Abstract
Abstract 1858
High dose therapy (HDT) with autologous stem cell transplantation (ASCT) is a standard treatment option for eligible frontline myeloma patients (pts). However, almost all patients ultimately relapse. Thus, new strategies are required to control the residual disease after HDT. Consolidation therapy, given early after HDT, could enhance the depth of response and further improve progression free survival (PFS) and overall survival (OS). We previously reported that either Thalidomide or Lenalidomide given after HDT was able to reduce this residual disease (IFM 99-02 and 2005-02 trials). During last EHA meeting (abstract #510)., Cavo M et al., updated results of their recently published phase 3 trial. Consolidation by Bortezomib-Thalidomide-Dexamethasone (VTD) after VTD induction and double ASCT improved response in 31 % of pts and 61 % of them achieved CR. This translated into a gain of PFS (62 % at 3 years) and a reduction of the relative risk of progression or death of 36 %. The aim of this study was to evaluate the efficacy of early consolidation therapy and its impact on PFS.

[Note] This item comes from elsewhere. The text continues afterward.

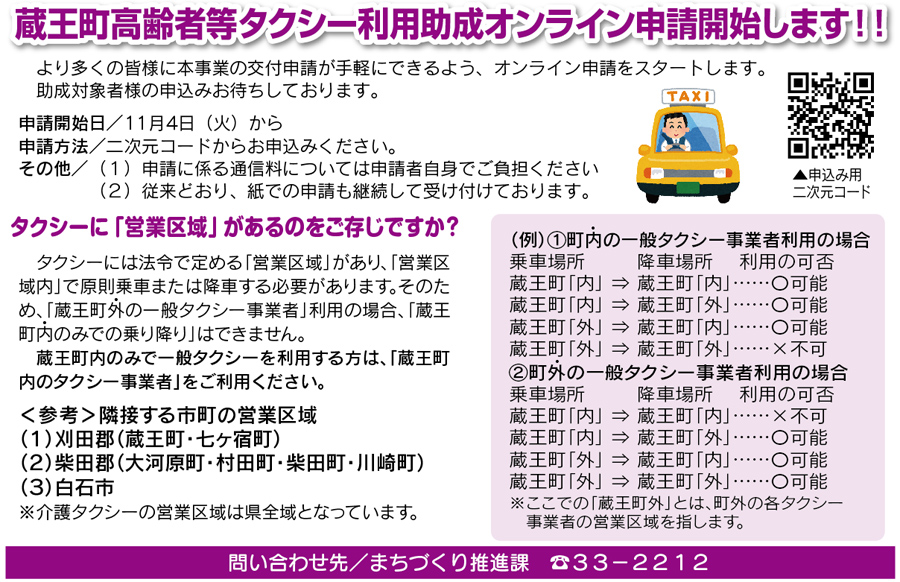 蔵王町高齢者等タクシー利用助成オンライン申請開始します!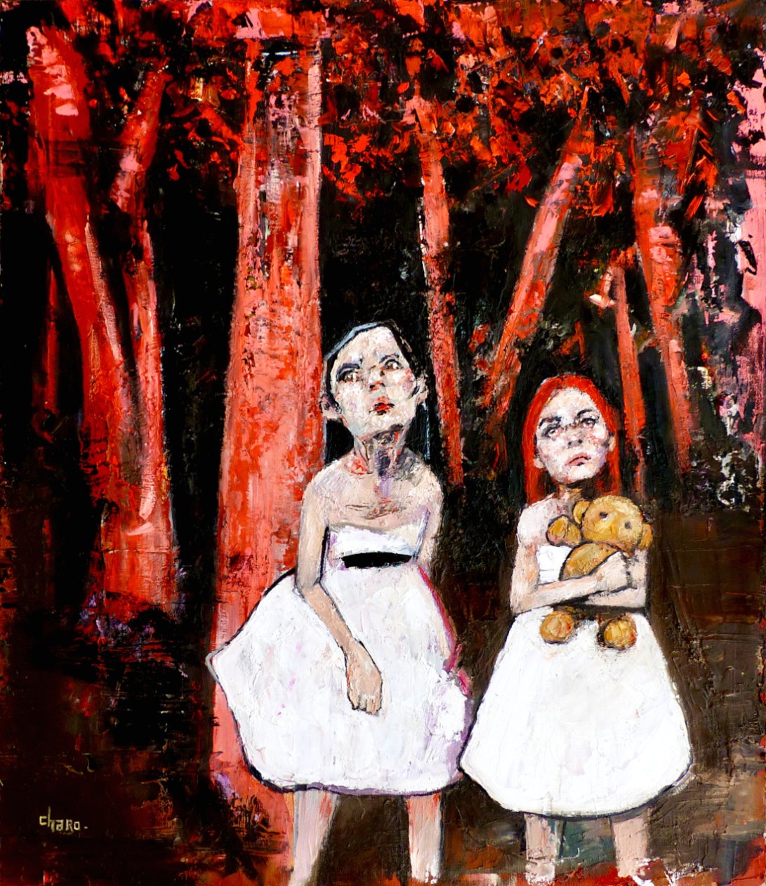In her paintings, she depicts worried groups of characters, often female. Fragile subjects, precariously balanced in a world full of uncertainties.

In this prospective monocenter study, pts were eligible to receive early consolidation if they had the following: 1) at least partial response (PR) after HD melphalan (HDM), 2) no grade ≥ 2 peripheral neuropathy (PNY). The consolidation regimen was: vTD 61%, Lenalidomide 23%, Lenalidomide plus Dexamethasone 13% and Bortezomib-Lenalidomide-Dexamethasone (VRD) 3%. Consolidation had to be started within 3 months from HDM with no following maintenance. Response was assessed according to International Myeloma Working Group uniform response criteria 1 month after the last cycle of consolidation. The duration of PFS was calculated for all patients from time to HDT to time of progression, relapse, death from any cause or to last contact. PFS was analysed using Kaplan-Meier curves.
From February 2007 to December 2010, 100 frontline MM pts under 65 received HDM followed by ASCT. Seventy six pts were eligible for consolidation (conso group), 24 pts were not (no conso group). After HDT, response rates were: VGPR=29%, and CR=71% in the no conso group, vs PR=20%, VGPR=55%, and CR=25% in the conso group (p<0.001). Early consolidation upgraded response in 17% of pts with PR=11%, VGPR=49%, and CR=36%. Three pts had progressive disease after or during consolidation.
Median follow up is similar for the 2 groups (20 months). Maybe due to unbalanced response repartition, there was no impact of consolidation on PFS (median 25 mos in the 2 groups). Nevertheless, estimated median PFS was not reached in pts achieving CR after consolidation vs 27 mos in pts in CR after HDT in the no conso group (ns).
If we focus on response after consolidation, estimated median PFS was not reached in CR pts versus 20 mos in PR pts, and 21 mos in VGPR pts (p=·006; figure 1), irrespective of post HDT status (already in CR or not). Moreover, if we compare pts in VGPR after ASCT (42) we observe two groups: those who upgrade their response to CR (19%) and those who stay in VGPR. The first group achieve the same PFS than patients in CR post ASCT and staying in CR after consolidation (28 mos). Interestingly, those pts (pts upgrading their response) present a longer PFS than those staying in VGPR post consolidation 28 mos versus 20 mos (p=0,032).
Our data suggest that achieving CR after consolidation therapy is a major end-point to improve PFS, maybe even in pts already in CR after HDT. So we could propose to treat pts with consolidation until they obtain CR, they achieve a plateau or they present toxicities.
No relevant conflicts of interest to declare.